In the copy, keep every record exact and leave out all images.

[Raw data Boundary: Start]

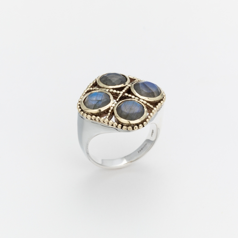 Bague en argent carré décorée de 4 labradorites rondes serties de laiton sur un anneau argent.
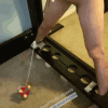 I turned the Bumble Ball on, and watched it roll around on the floor under him, yanking the clothespins on his nipples every time it tried to go out of a pretty small area.
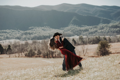 Cades Cove is one of my favorite locations in the Smoky Mountains for Engagement Sessions and Elopements! Cades Cove offers panoramic mountain views, sweeping rivers and streams, and wooded trails showing off the National Park's diverse ecosystem! Chloe and Cole envisioned soft and romantic engagement photos that showed off their love and captured the beauty of the Smoky Mountains! Chloe went with a stunning red velvet dress to really tie together the romantic and elegant theme for their engagement photos!
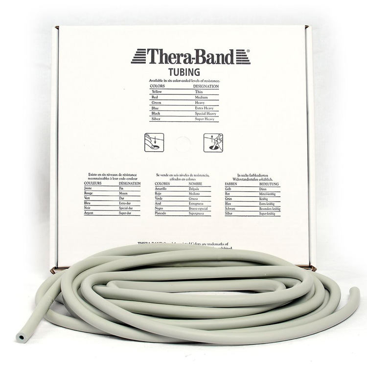 Thera-band Tubing Level Super Hård Træningselastik Sølv 30,5m er et uundgåeligt redskab til effektiv træning. Denne elastik er ideel til både sportsterapi og genoptræning.
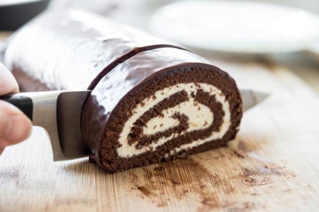 Массу из печенья раскатать на пищевой пленке в прямоугольник (не слишком толстый), сверху распределить кокосовую массу, свернуть рулетом и убрать в морозилку на час. Застывший рулет порезать острым ножом.

[Raw data Boundary: End]

#### [Exercise output]
 Bague en argent carré décorée de 4 labradorites rondes serties de laiton sur un anneau argent.
 I turned the Bumble Ball on, and watched it roll around on the floor under him, yanking the clothespins on his nipples every time it tried to go out of a pretty small area.
 Cades Cove is one of my favorite locations in the Smoky Mountains for Engagement Sessions and Elopements! Cades Cove offers panoramic mountain views, sweeping rivers and streams, and wooded trails showing off the National Park's diverse ecosystem! Chloe and Cole envisioned soft and romantic engagement photos that showed off their love and captured the beauty of the Smoky Mountains! Chloe went with a stunning red velvet dress to really tie together the romantic and elegant theme for their engagement photos!
 Thera-band Tubing Level Super Hård Træningselastik Sølv 30,5m er et uundgåeligt redskab til effektiv træning. Denne elastik er ideel til både sportsterapi og genoptræning.
 Массу из печенья раскатать на пищевой пленке в прямоугольник (не слишком толстый), сверху распределить кокосовую массу, свернуть рулетом и убрать в морозилку на час. Застывший рулет порезать острым ножом.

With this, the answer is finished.